(DATA EXTRACT begins)
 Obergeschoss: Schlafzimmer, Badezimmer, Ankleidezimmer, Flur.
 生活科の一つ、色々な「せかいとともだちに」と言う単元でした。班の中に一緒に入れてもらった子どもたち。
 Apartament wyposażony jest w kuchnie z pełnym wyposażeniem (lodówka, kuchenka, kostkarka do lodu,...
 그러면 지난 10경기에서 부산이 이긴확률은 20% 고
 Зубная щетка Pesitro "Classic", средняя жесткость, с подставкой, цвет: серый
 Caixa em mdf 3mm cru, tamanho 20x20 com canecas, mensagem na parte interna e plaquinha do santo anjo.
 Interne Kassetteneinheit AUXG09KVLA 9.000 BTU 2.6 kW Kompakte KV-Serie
(DATA EXTRACT ends)
(DATA EXTRACT begins)
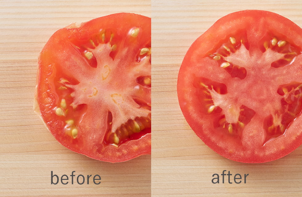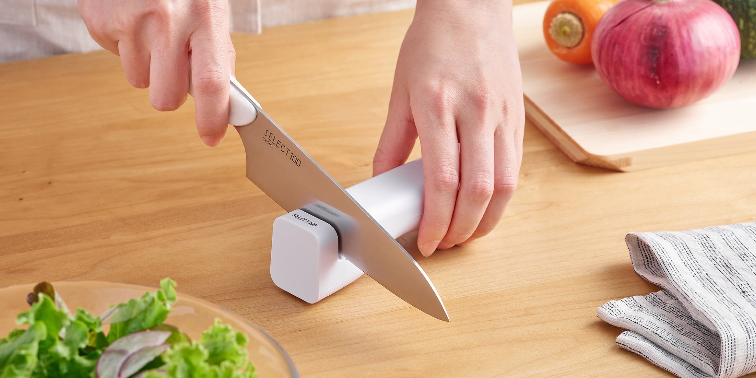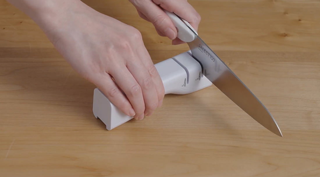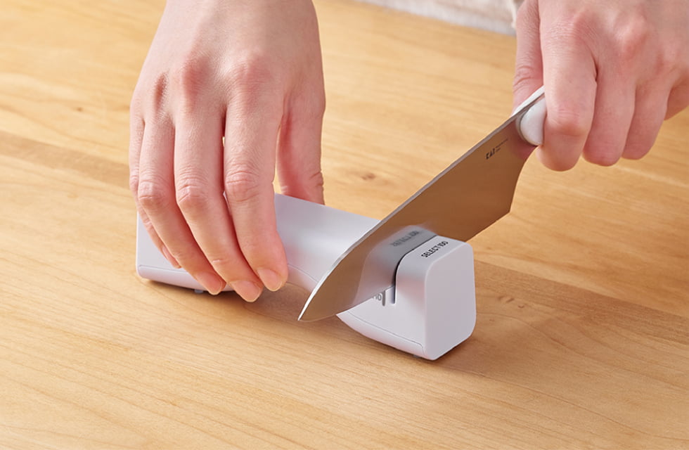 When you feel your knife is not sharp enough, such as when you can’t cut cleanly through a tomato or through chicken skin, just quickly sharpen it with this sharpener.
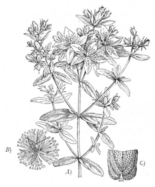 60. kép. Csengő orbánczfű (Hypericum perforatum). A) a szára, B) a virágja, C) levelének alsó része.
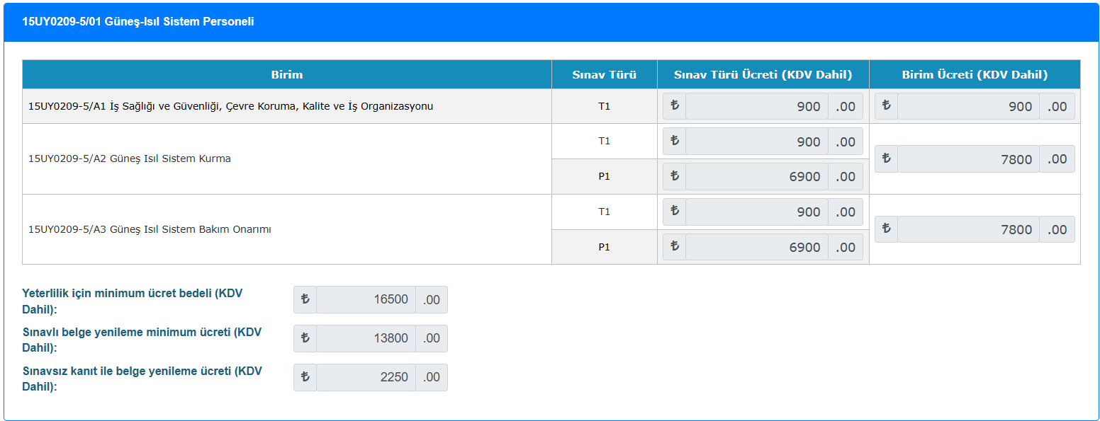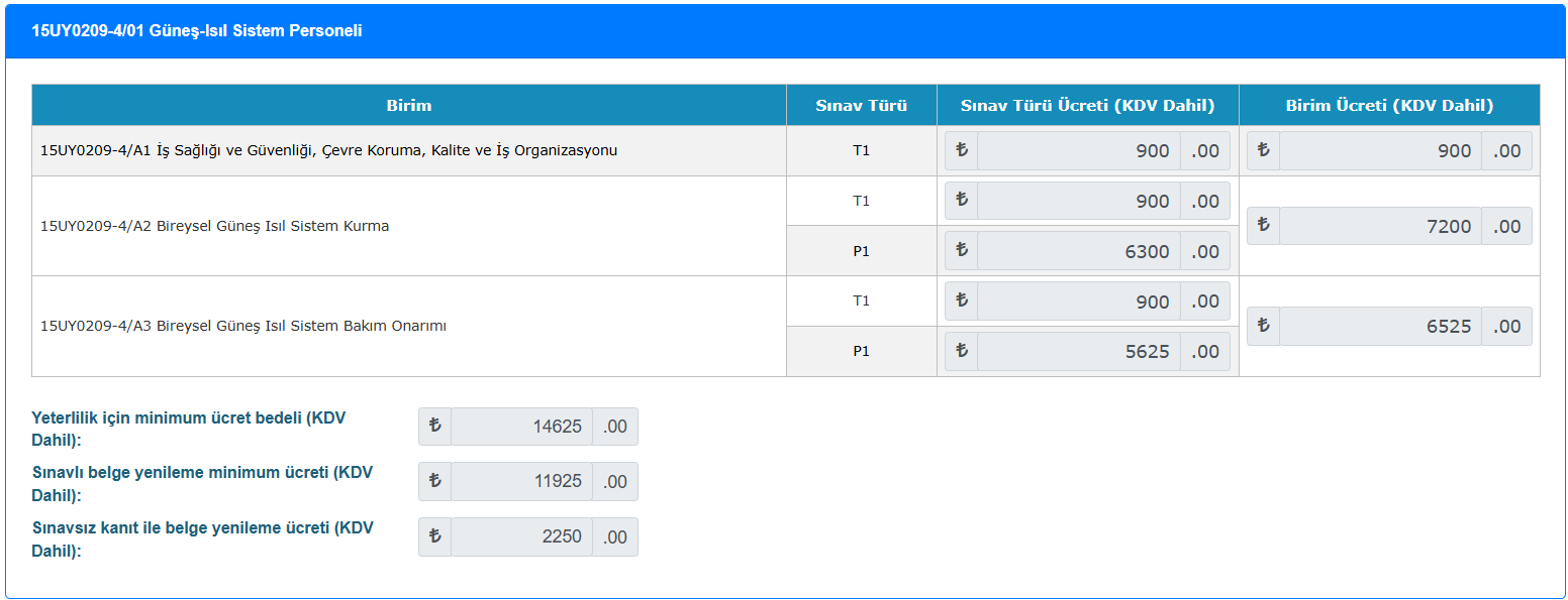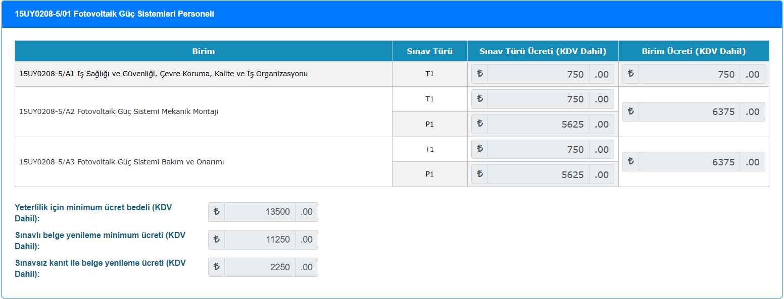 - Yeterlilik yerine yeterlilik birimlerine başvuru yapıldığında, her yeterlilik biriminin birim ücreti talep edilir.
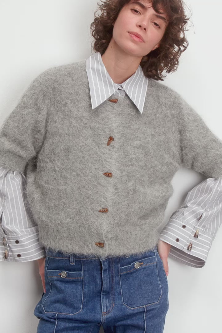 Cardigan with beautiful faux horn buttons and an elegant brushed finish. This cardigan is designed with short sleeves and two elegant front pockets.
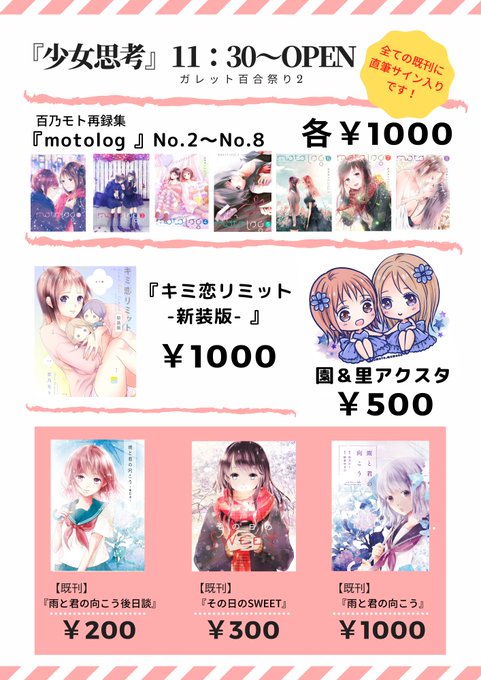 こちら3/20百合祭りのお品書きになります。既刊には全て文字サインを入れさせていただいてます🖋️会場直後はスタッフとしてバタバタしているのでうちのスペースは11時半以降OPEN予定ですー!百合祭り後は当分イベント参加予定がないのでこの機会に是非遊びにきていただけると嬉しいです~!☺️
(DATA EXTRACT ends)
_WORK TO BE COMPLETED_
Within the listing above, the lines from the one with "Cardigan with beautiful" through the one with "こちら3/20百合祭りのお品" are to be given again word for word. Do not include pictures.

_ANSWER FOR THE TASK_
 Cardigan with beautiful faux horn buttons and an elegant brushed finish. This cardigan is designed with short sleeves and two elegant front pockets.
 こちら3/20百合祭りのお品書きになります。既刊には全て文字サインを入れさせていただいてます🖋️会場直後はスタッフとしてバタバタしているのでうちのスペースは11時半以降OPEN予定ですー!百合祭り後は当分イベント参加予定がないのでこの機会に是非遊びにきていただけると嬉しいです~!☺️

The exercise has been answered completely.